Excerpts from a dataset
=== Section Start ===

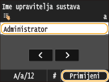 Unesite najviše 32 znaka kao naziv upravitelja sustava, a zatim dodirnite <Primijeni>.
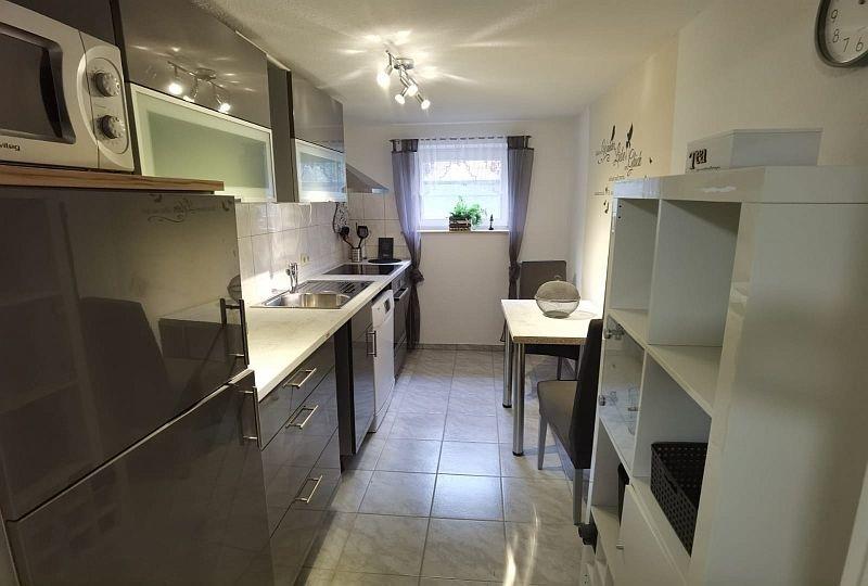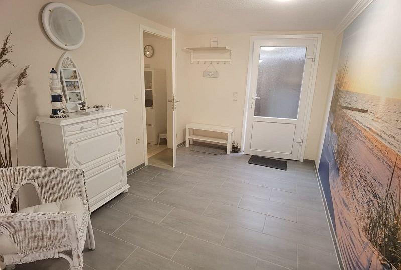 Im kleinen Vorflur ist rechts die Küche mit Kaffeemaschine, Wasserkocher, Ceranfeld, Backofen, Kühl- und Gefrierkombi, Mikrowelle, Geschirrspülmaschine. Auch eine kleine Sitzecke mit zwei Stühlen ist hier vorhanden. Durch den größeren Flur gelangen Sie in das helle Bad mit Fenster und Dusche (Einstieg etwa 15 cm Höhe), ein Spiegel mit Ablage und Fön sind vorhanden.
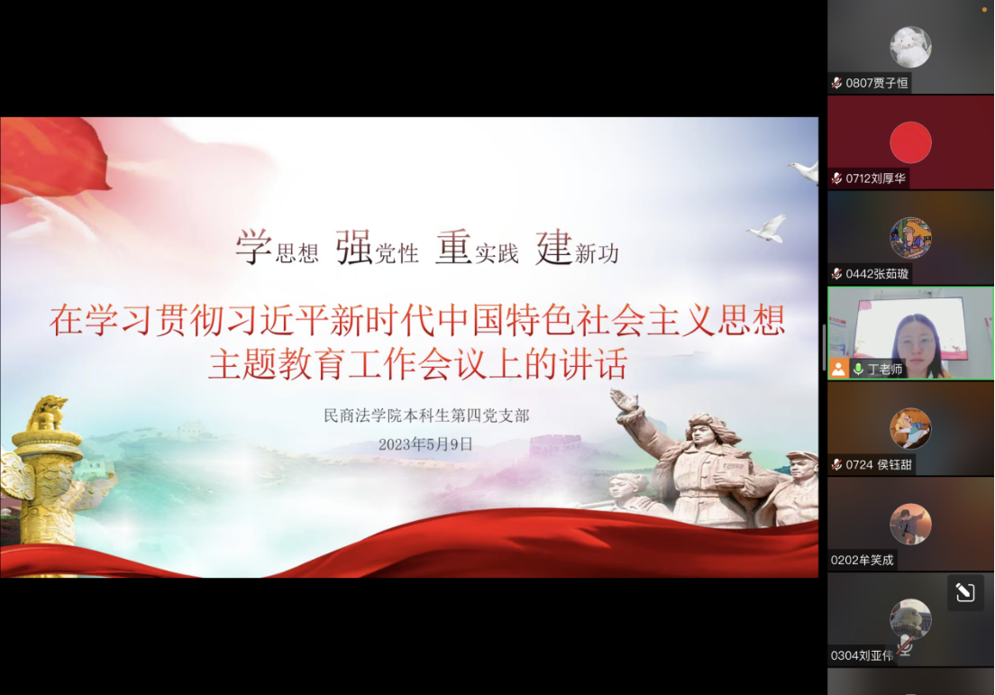 为深入开展学习贯彻习近平新时代中国特色社会主义思想主题教育,用习近平新时代中国特色社会主义思想和党的二十大精神武装头脑、指导实践、推动工作,澳门威尼斯人官网 本科生第四党支部于5月9日组织开展《在学习贯彻习近平新时代中国特色社会主义思想主题教育工作会议上的讲话》集中学习。本次学习依托10号学生公寓楼“一站式学生社区”思政工作站和腾讯会议同步开展,会议由支部书记丁艳艳主持,支部副书记张智超及2021级全体入党积极分子参加了会议。
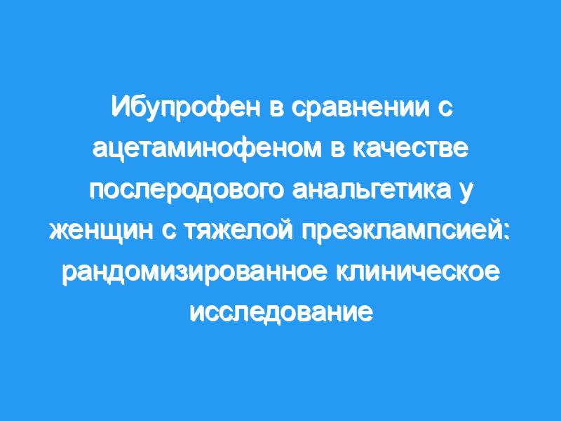 Было проведено рандомизированное контролируемое исследование у женщин с тяжелой преэклампсией или наложенной преэклампсией после вагинальных родов. Пациентка была выбрана случайным образом для приема либо 400 мг ибупрофена каждые 8 ч, либо 1 г ацетаминофена каждые 6 ч в послеродовой период. Основной переменной была систолическая гипертензия ≥150 мм рт.ст. и/или диастолическая гипертензия ≥100 мм рт.ст. после первых 24 ч после родов. Вторичными переменными были показатели артериального давления через 24, 48, 72 и 96 ч после родов и осложнений у матери.
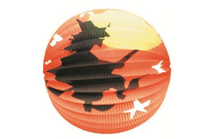 Lampion kulatý s čarodějnicí, 23cm
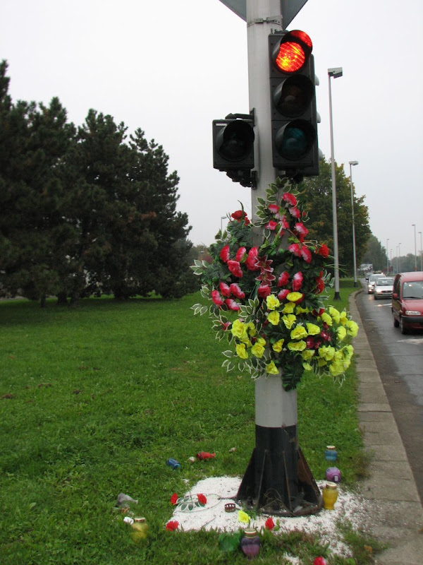 Ponekad rodbina i prijatelji poginulih u prometnim nesrećama postave vijenac i zapale pokoju svijeću ne samo na grobu, već i na mjestu nesreće.

=== Section End ===

__THE PROBLEM__. Every line from the one with "Было проведено рандомизированное" through the last line of the data must be copied exactly. Leave the pictures out.

__ANSWER BOX__.
 Было проведено рандомизированное контролируемое исследование у женщин с тяжелой преэклампсией или наложенной преэклампсией после вагинальных родов. Пациентка была выбрана случайным образом для приема либо 400 мг ибупрофена каждые 8 ч, либо 1 г ацетаминофена каждые 6 ч в послеродовой период. Основной переменной была систолическая гипертензия ≥150 мм рт.ст. и/или диастолическая гипертензия ≥100 мм рт.ст. после первых 24 ч после родов. Вторичными переменными были показатели артериального давления через 24, 48, 72 и 96 ч после родов и осложнений у матери.
 Lampion kulatý s čarodějnicí, 23cm
 Ponekad rodbina i prijatelji poginulih u prometnim nesrećama postave vijenac i zapale pokoju svijeću ne samo na grobu, već i na mjestu nesreće.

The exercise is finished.